He said, “We must reclaim our streets and neighbourhoods from the lethal motor vehicle traffic that currently blights them so that we can begin to move our bodies again, in the way that they were designed to be moved. Youth and music are not the causes of road death – wealthy middle aged men who refuse to surrender their cars, or even consider alternative forms of transport, are the problem.”
Dr Roberts got involved in RoadPeace after working as a trauma doctor and seeing the victims of countless traffic accidents. He believes that the de-motorisation of towns and cities will require the greatest human mobilisation in history but that it will usher in a safer and more sustainable society.
He said, “Our dependence on motorised transport has made us fatter and less fit. It has made the roads more dangerous for pedestrians and cyclists, and driven many them off the streets and back into their cars, further increasing the demand for transport. It has made controlling oil supplies the primary strategic objective of nation states so that scarce resources that should be devoted to building a sustainable economy are instead spent on war and destruction.

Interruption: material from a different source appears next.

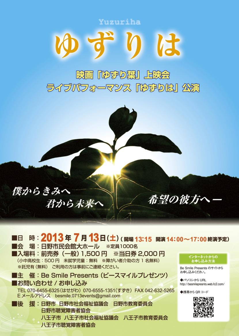 本イベント案内ページを提供しています桝田です。応援での告知となります。ろうあ者(耳が聞こえない)は映画が楽しめないってのを私は、映画「ゆずり葉」の紹介動画:http://ann.369ch.jp/2013/07/713_1.html を観て知りました。 理由はとても簡単で、映画は健常者(耳は聞こえる)対象で作られているので音だけになっているところが多いということです。 ろうあ者であるがためのいろいろな問題が全て明らかにした映画だと感じます。 申込みをされました方は、桝田経由でご連絡のメールなりお電話を差し上げます。 桝田も当日スタッフでのお手伝いをしています。当日、会場にてお会いしましょう。 http://yuzuriha.boobie.jp/ 申込みページもあります。 もし、最下位行の申込みから申し込まれました方は、当日桝田預かりのチケットをお渡しもできます。 −−以下、主催者からの情報です−− メインテーマ・・・「ゆずりは」 サブテーマ・・・僕からきみへ 君から未来へ 希望の彼方へ 日時:2013年7月13日(土) 午後2時〜午後5時 場所:日野市民会館・煉瓦ホール 東京都日野市神明1-12-1 料金:一般 前売 1500円 (当日 2000円) 小中高 500円 未就学児 障がい者介助者1名まで無料 後援:日野市・八王子市社会福祉協議会 他 イベント概要: 第1部14:00〜15:55 映画「ゆずり葉」上映 全日本ろうあ連盟創立60周年記念映画 文部科学省選定 厚生労働省推薦 第2部16:15〜17:00 ライブパフォーマンスステージ 宝木美穂 朗読 歌 構成 WEB:http://www.takaragi.com/ 立教大学在学中に芝居と出逢い、加藤健一事務所俳優教室を経て、演劇集団『酒井組』を立ち上げる。 NPO現代座にて市民演劇講座などを開催。2011年、マリンバ:今井万里子、テルミン:大西ようこ と「otoyomi:http://otoyomi.web.fc2.com/」を結成。 現在、歌と朗読を軸にユニークなライブ企画・プロデュースも手がける。 老人施設等での昭和歌謡コンサート、単独朗読会の他、文筆家として冒険童話『なめくじ乾太』ほか。 ボランティア団体『いのち☆つながる広場 日野』前代表。 二條容子 歌 ピアノ 音楽 WEB:http://urara-yoko315.com/ 福井県鯖江市出身。幼少の頃からクラシック音楽を学ぶ。県音楽コンクールにて入賞後、音楽大学への道を目指す。 武蔵野音楽大学声楽科を卒業後、企画、楽曲製作等を手がけ、お寺ライブや小学校コーラス指導、病院コンサート、ビジネス交流会での演奏等、様々なシーンで活動中。 また2011年より東京から山梨に拠点を移し、石和温泉地による旅館営業にも携わり、中国雑技団との東日本大震災チャリティー伊勢崎公演に共演。 今井万里子 打楽器演奏 WEB:http://marhythmimai.web.fc2.com/ 武蔵野音楽大学打楽器科を卒業後、結成した打楽器・マリンバアンサンブルで国際芸術連盟主催の新人オーディションにおいて最優秀新人賞を受賞。 現在は「Clappers」「otoyomi:http://otoyomi.web.fc2.com/」「AusMusik」に所属、「B-project」を主宰し、フリーの演奏家として活動中。 映画や舞台等劇中音楽に参加。また、打楽器の指導にも力を入れている。 打楽器を日比一宏、今村三明、久保昌一各氏に師事。 以下の第3部は、緊急企画決定(自由参加) 第3部)17:30〜18:15 武市敬広氏(通称にぽちゃん)の最後の講演ビデオ上映 2012年10月 日野市平山にて収録 皆様のご参加を心からお待ちしております。 +++++++++++++++++++++++++++++++++++++++++ ごあいさつ 「ゆずりは」を応援して下さっている皆様 いつもありがとうございます!! 「ゆずりは」実行委員長のユッコこと清水由貴子です。 →続きは、右記へ https://www.facebook.com/events/192646650883005/ | |

“We should look to a future where there will be fewer road deaths and injuries, cleaner air and much less traffic noise. Urban infrastructure must show a new respect for humanity. The torrent of lies that has been used to justify the ‘accidental’ deaths of 3,000 people each day on the world’s roads and the daily disabling of 30,000 more, will take its place in history alongside the justifications for slavery, racism and imperial war.”

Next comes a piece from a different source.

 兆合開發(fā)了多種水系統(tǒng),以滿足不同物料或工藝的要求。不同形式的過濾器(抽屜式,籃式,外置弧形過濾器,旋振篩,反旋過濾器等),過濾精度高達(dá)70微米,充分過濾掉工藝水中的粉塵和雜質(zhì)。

Dr Roberts is calling on London’s youth to picket the safety conference and to demand a future where real road safety is prioritised above wars over oil. He said, “Young people and music are the future – not causes of road traffic crashes. This is an issue of public space – who owns our roads? The idea that people have to be really careful when walking or cycling around our cities not to be killed by speeding cars is a hideous distortion.”